- _Work required_
Give back an exact copy of the lines in the records below, from the line that has "[ แพคคู่]Snake Brand" through the line that has "Góc phải trong", and nothing besides.

*** Dataset excerpts ***

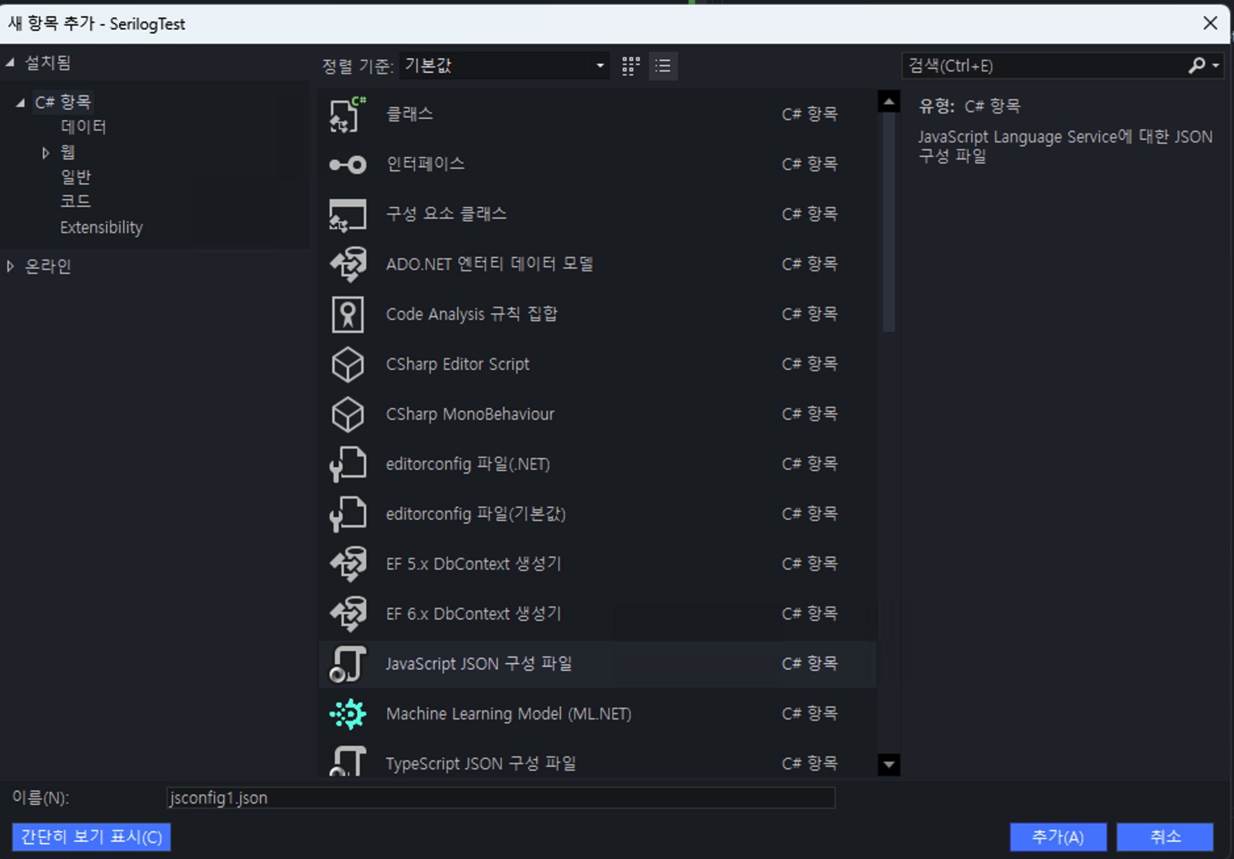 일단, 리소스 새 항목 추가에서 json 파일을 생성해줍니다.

*** End of Dataset excerpts ***
*** Dataset excerpts ***

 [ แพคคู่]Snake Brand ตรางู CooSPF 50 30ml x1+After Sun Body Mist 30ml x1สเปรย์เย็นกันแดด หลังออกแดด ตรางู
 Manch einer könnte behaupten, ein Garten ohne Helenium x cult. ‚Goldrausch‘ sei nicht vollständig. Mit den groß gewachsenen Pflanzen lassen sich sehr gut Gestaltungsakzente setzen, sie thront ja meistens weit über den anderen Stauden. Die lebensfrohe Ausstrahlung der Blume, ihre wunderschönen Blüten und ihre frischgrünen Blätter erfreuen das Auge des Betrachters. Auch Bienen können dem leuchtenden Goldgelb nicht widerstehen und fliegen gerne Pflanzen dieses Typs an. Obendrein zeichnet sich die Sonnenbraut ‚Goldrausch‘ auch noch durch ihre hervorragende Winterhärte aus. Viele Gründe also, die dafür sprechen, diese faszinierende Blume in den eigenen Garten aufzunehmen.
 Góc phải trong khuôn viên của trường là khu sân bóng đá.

*** End of Dataset excerpts ***
*** Dataset excerpts ***

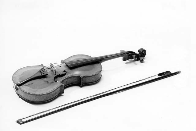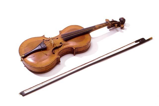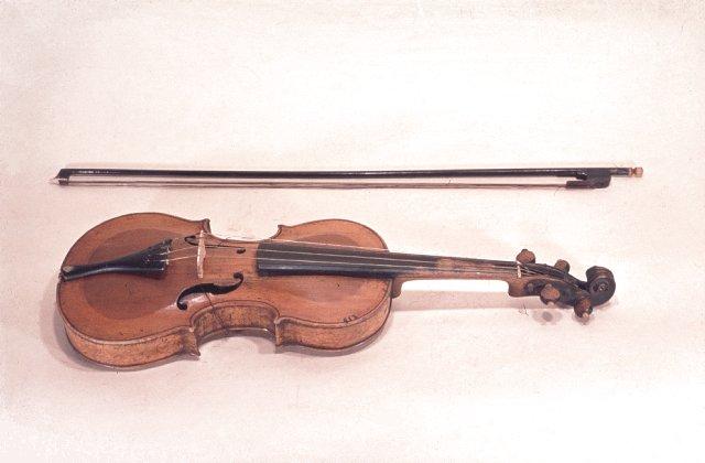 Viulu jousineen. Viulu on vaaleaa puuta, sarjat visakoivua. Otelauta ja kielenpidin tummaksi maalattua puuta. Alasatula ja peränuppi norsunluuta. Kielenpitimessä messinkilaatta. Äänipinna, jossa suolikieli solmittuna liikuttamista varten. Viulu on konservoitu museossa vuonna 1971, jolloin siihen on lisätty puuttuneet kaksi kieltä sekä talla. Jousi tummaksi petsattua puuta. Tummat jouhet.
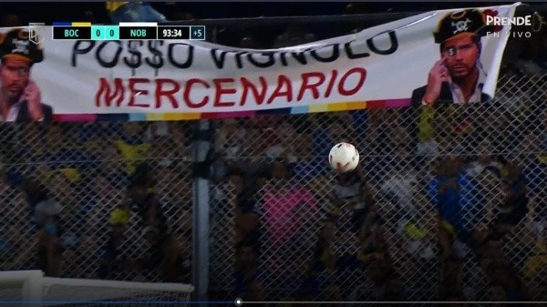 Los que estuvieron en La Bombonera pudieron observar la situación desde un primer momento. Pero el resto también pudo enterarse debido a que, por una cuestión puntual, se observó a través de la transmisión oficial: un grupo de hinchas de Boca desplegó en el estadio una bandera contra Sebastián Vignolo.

*** End of Dataset excerpts ***

- _Answer box_
 [ แพคคู่]Snake Brand ตรางู CooSPF 50 30ml x1+After Sun Body Mist 30ml x1สเปรย์เย็นกันแดด หลังออกแดด ตรางู
 Manch einer könnte behaupten, ein Garten ohne Helenium x cult. ‚Goldrausch‘ sei nicht vollständig. Mit den groß gewachsenen Pflanzen lassen sich sehr gut Gestaltungsakzente setzen, sie thront ja meistens weit über den anderen Stauden. Die lebensfrohe Ausstrahlung der Blume, ihre wunderschönen Blüten und ihre frischgrünen Blätter erfreuen das Auge des Betrachters. Auch Bienen können dem leuchtenden Goldgelb nicht widerstehen und fliegen gerne Pflanzen dieses Typs an. Obendrein zeichnet sich die Sonnenbraut ‚Goldrausch‘ auch noch durch ihre hervorragende Winterhärte aus. Viele Gründe also, die dafür sprechen, diese faszinierende Blume in den eigenen Garten aufzunehmen.
 Góc phải trong khuôn viên của trường là khu sân bóng đá.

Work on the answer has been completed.